Опять сели вчетвером обедать. Ксендз Решка говорил:
— Пан Юрий милый, хоть я и грешен, но всякого порицания от людей боюсь. Конечно, одно за другое не засчитывается, один грех всю жизнь перечеркивает, все другие заслуги и труды сразу цену теряют, но это перед богом так, а мы, грешные, слепые, несчастные, судьями друг другу быть не можем, потому что если чист в одном и судишь другого, так грешен в другом, в чем он чист, и будет не суд, а ложь…
Тут последовало обычное вытирание слез поданным платком, и в короткую паузу Юрий успел вставить важный для себя вопрос:
— Если бог судит, зачем самому себя судить?
— Пан Юрий, милый, — отвечал ксендз Решка, — бог через совесть судит… Они иконы рубили, я жизнь отобрал… Вот моя чистота — в кровавых брызгах… Я их не жалею — это неразумные люди, я себя жалею, что запятнан кровью…
Пан Юрий при последних словах оцепенел, словно каноник проник в его тайну и держал перед глазами поляну со всем происшествием. Но показалось… О другом думал старый каноник, какое-то новое смятение взволновало его. Он незамедлительно объяснил возникшее чувство:
— Или, подумал я сейчас, раньше создалась моя вина? Молитва и книги… да, так, и ничего больше. Но о чем была молитва? О чем были книги?.. Казак глуп, пан Стась милый, для него я просто «бесово отродье», «ворона иезуитская», хоть я не иезуит, а бернардинец… Только ему все равны «проклятые латиняне»… А мы кричим: «Проклятая схизма!» У них попы, у нас ксендзы; патриархи — кардиналы… Прячемся от греха по каморам и кельям, сочиняем книги обличений и ненависти, только сами, пан Юрий мой, в битву не ходим… А как самому пришлось — горько… Да еще дурни эти, епископы униатские, чтобы в раду пролезть, — сколько злобы породили на свет… А народ… что народ?.. глуп народ, не ведает ничего.
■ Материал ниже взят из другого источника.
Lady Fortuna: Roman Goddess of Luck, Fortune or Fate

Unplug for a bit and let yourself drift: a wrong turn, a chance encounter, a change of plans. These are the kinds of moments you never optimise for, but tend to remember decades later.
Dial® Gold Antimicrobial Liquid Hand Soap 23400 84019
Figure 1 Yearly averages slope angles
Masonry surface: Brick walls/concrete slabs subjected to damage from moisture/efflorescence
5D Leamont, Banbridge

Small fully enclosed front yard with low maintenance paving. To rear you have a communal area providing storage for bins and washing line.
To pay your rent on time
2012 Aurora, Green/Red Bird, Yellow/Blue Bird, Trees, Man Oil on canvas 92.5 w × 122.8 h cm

Что вы, панове мои милые, ведаете о догматах, хоть и в коллегиуме учились?.. Нет, не звали мы к миру, учители духовные, к мечу звали, и зовем к мечу. Что мы, что русские попы, что кальвины… Дал нам бог слово, и как мы с ним: те проклятые, для них мы проклятые… Глуп казак и рубит, потому что глуп и сабля в руках. А порубит «проклятых» — что, лучше станет? Глуп народ, мы науськиваем… Может, где-то в этот час поп сидит, как я с вами, и так же плачет… но и сам виноват…
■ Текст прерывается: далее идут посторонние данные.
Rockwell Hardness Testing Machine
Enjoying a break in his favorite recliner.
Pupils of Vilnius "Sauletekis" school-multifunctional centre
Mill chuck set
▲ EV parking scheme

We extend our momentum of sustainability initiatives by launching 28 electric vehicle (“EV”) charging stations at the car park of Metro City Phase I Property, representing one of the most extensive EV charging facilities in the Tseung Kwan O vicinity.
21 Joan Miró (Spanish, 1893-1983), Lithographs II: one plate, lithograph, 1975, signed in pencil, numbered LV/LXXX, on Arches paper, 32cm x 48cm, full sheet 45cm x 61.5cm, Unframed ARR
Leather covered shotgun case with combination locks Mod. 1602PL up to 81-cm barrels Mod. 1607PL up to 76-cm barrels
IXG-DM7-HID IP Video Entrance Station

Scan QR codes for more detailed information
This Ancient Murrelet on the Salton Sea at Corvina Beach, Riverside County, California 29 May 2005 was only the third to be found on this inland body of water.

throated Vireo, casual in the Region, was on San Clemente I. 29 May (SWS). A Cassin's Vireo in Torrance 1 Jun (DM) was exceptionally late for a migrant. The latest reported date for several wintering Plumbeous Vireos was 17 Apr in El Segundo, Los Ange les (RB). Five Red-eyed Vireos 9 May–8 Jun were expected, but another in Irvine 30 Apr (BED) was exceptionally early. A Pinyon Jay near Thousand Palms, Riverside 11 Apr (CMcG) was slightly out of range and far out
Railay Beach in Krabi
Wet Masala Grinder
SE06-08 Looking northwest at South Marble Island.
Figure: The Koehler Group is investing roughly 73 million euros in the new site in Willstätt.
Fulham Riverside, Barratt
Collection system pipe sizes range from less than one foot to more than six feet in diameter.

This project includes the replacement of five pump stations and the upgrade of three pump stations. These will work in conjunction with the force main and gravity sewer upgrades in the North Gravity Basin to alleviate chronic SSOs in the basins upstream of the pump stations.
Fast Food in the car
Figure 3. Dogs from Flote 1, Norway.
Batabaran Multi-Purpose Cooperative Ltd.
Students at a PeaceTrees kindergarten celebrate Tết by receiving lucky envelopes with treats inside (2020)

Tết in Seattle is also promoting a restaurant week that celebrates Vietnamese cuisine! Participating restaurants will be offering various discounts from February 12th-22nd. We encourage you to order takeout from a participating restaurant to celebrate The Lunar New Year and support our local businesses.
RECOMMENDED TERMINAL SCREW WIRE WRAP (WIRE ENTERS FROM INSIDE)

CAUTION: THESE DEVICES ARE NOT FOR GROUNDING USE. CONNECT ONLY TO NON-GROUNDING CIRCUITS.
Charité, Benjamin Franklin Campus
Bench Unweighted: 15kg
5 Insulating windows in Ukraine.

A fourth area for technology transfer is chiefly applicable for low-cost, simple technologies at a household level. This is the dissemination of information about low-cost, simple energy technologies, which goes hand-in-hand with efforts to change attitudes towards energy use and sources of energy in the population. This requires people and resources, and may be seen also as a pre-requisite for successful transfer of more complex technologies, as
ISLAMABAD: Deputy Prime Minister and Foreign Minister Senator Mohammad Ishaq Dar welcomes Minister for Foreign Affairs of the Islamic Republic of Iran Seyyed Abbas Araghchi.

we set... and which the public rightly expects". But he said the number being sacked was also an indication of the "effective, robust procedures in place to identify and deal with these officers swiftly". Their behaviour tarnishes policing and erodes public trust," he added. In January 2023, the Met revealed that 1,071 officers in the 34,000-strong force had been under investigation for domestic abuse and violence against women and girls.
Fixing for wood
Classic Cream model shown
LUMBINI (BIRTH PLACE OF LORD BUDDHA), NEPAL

Монашка подала ксендзу Решке платок; долго не мог он унять буйные слезы, и все молчали, наблюдая, как пропитывается белая холстина.
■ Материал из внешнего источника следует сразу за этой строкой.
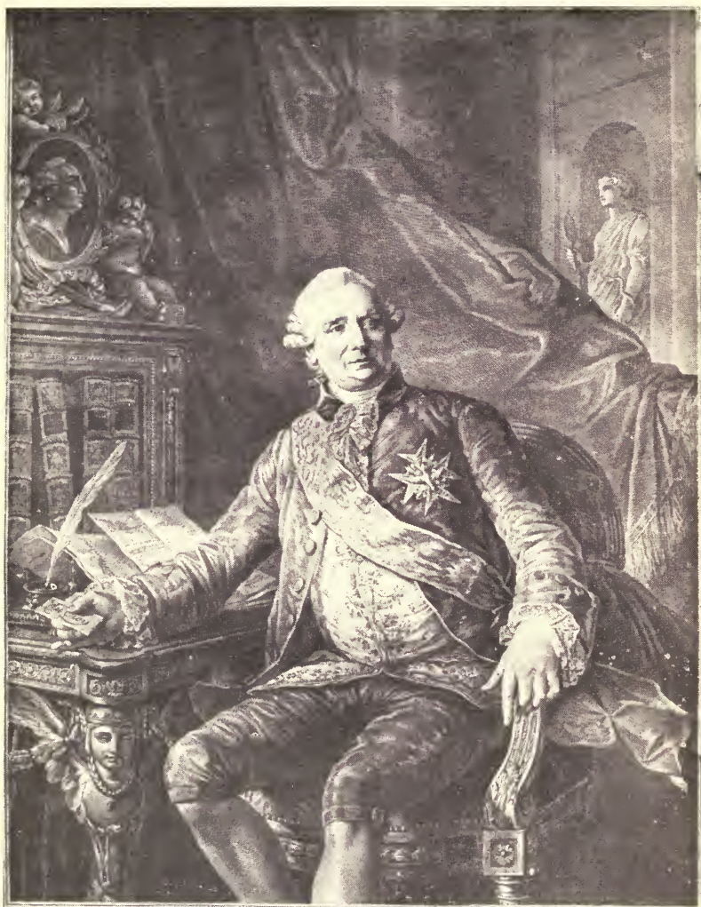
Charles Gravier Conseiller d'Etat Ordinaire, et Chef du Conseil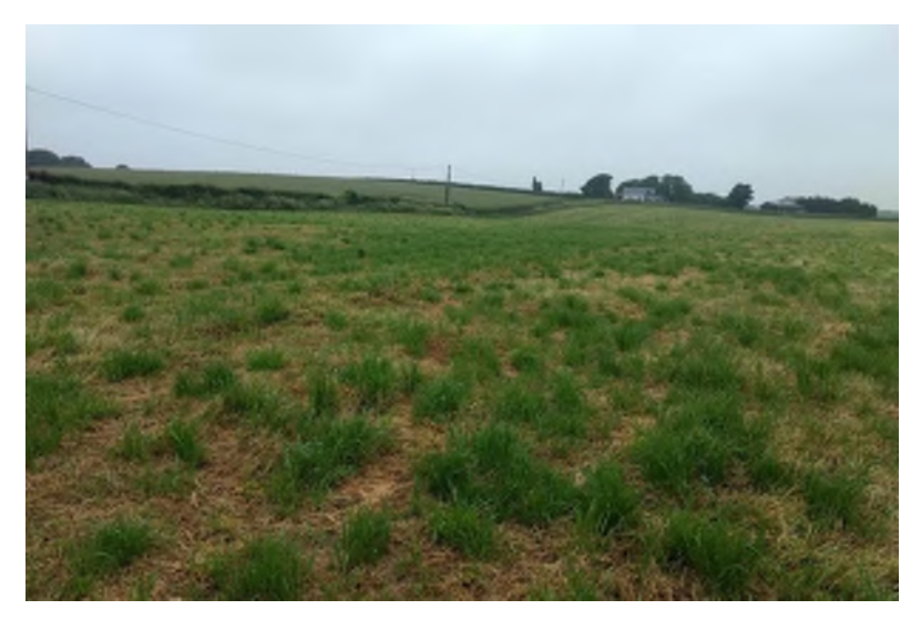
Plate 14.103 View towards LI 58, settlement plots, facing northwest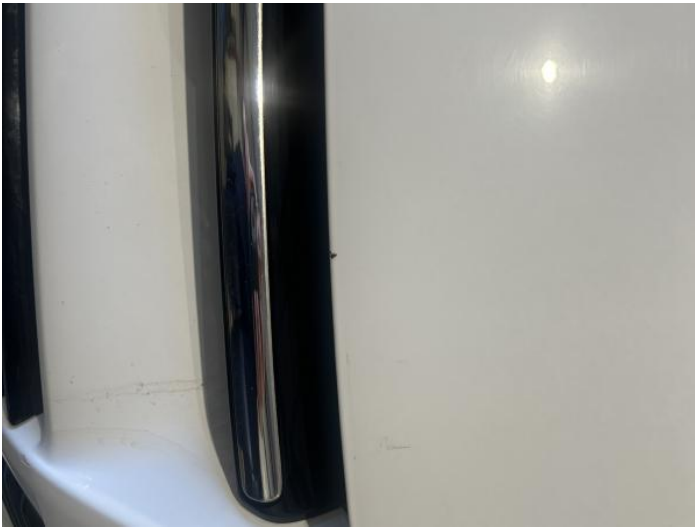
11: Bonnet Chipped 1 To 5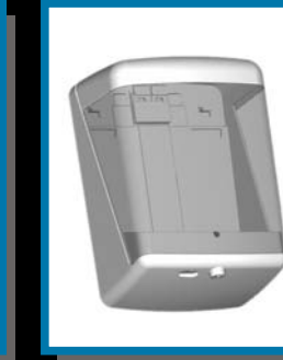
AC 90000 Automatic Soap Dispenser With lock&key, Abs plastic body.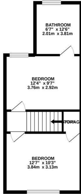
1ST FLOOR 388 sq.ft. (36.0 sq.m.) approx.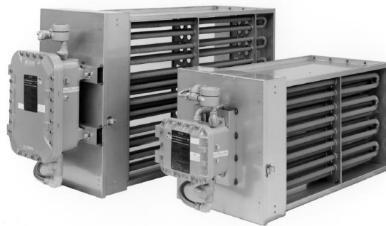
Figure 85. Series EP2 Explosion-proof Duct Heaters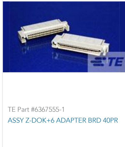
TE Part #6367555-1 ASSY Z-DOK+6 ADAPTER BRD 40PR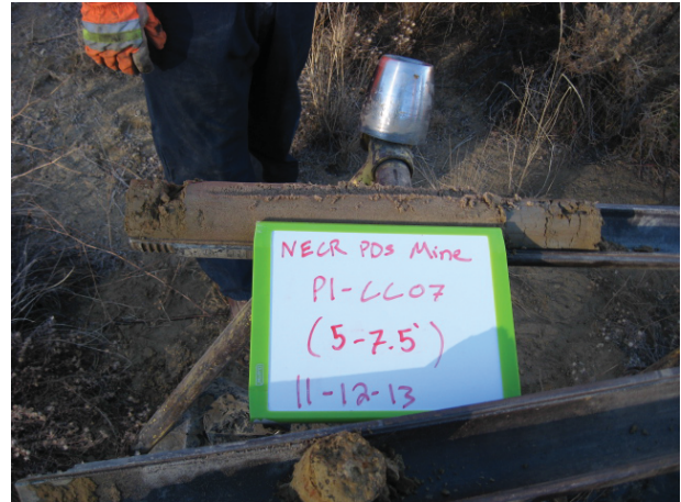
Pond 1 CC07 5-7.5' 11/12/13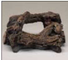
Decorative log set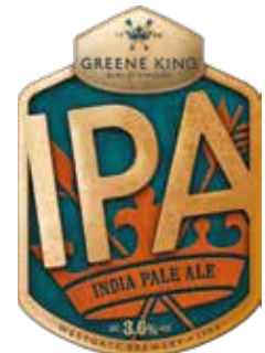
GREENE KING IPA* ABV 3.6% Greene King, Bury St Edmunds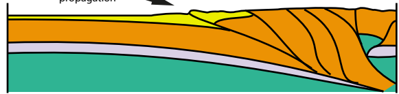
Longer thin- and thick-skinned thrust sheets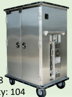
JZH-198 Capacity: 104

You can purchase an ambient insulated cart and snap in a heat box later if you decide you actually need a heated cart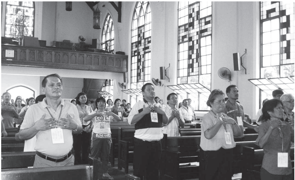
Church workers do meditative exercise before the Bible study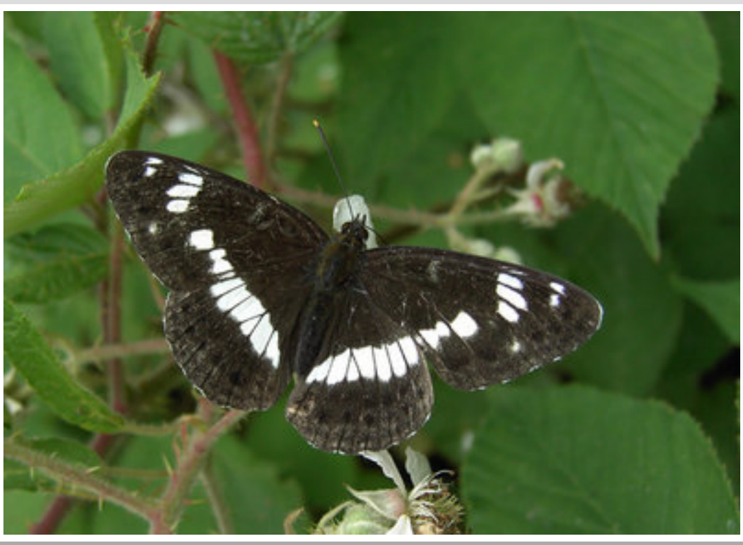
White Admiral in Binsted Wood.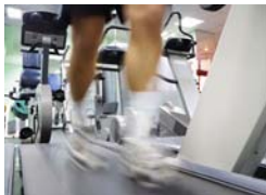
Improvements will include a new 50-station gym

The current leisure centre will remain in operation until the new facility opens in 2015. Details: http://lei.sr?a=S5E3N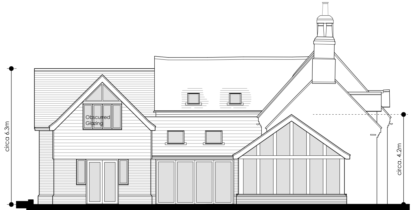
West (Side) Elevation 1:100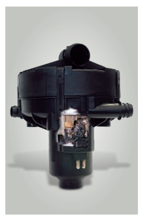
View into the secondary air pump (cut) with melting traces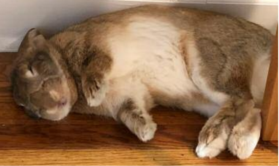
Olaf flopped comfortably at home.

rabbit. In October 2020, I contacted Long Island Rabbit Rescue Group and after going through a thorough screening process and interview, I was approved for adoption. I looked at the rabbits up for adoption on the LIRRG website and was told to pick one or two rabbits that I was interested in meeting. While the first rabbit I met was very sweet, he was not the right fit for my family. I was very eager to bring a new bunny home, but knew it was better to wait for the right rabbit to hop along as opposed to making a hasty decision.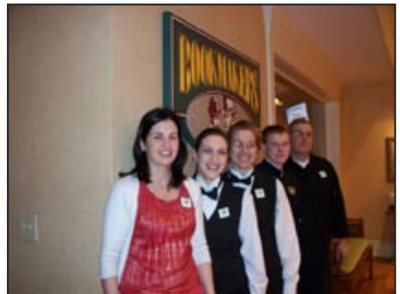
Holiday Inn Saratoga Winterfest Wine Tasting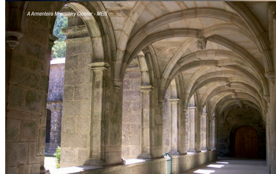
A Armenteira Monastery Cloister - MEIS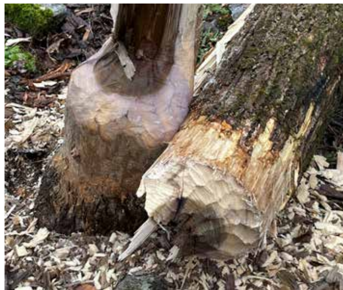
Beaver Activity with Diane Honer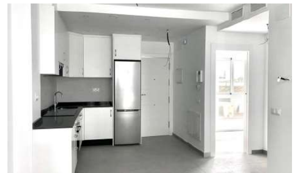
La Cala Beach | La Cala de Mijas, Málaga

— Господь наш обличал, — продолжил отец Павел, вернув своей экономке насквозь промокшую тряпочку. — Но за боевой меч не брался — меч духовный держала его десница… Грешите, панове, чтобы знать свою малость, вечную хлябь земли под ногами. О том моя слеза, что даже в праведнике зло сидит наготове, как одетый в оружие солдат у костра в ночь перед вылазкой…
Невольно следуя зрением в указанную сторону, Юрий заглянул в себя и обнаружил с мгновенным обвалом всех надежд, что черное пятно, прижившееся на сердце и казавшееся одно время Эвкиной копией в размер малого ногтя, никакое не пятно, а откормленный в клопиную толщину хитрый бес с какою-то золотой точкой на рогах, как с орденом за победу… Да, ничего не знал о бесах полоцкий иезуит — демонолог, не видел их никогда, а собирал рассказы таких же, как сам, невежд. Видимы бесы, видимы, но тому видимы, кто исполнил… Это открытие прорезало у пана Юрия над бровями морщины глубокого удивления, но и странным образом успокоило.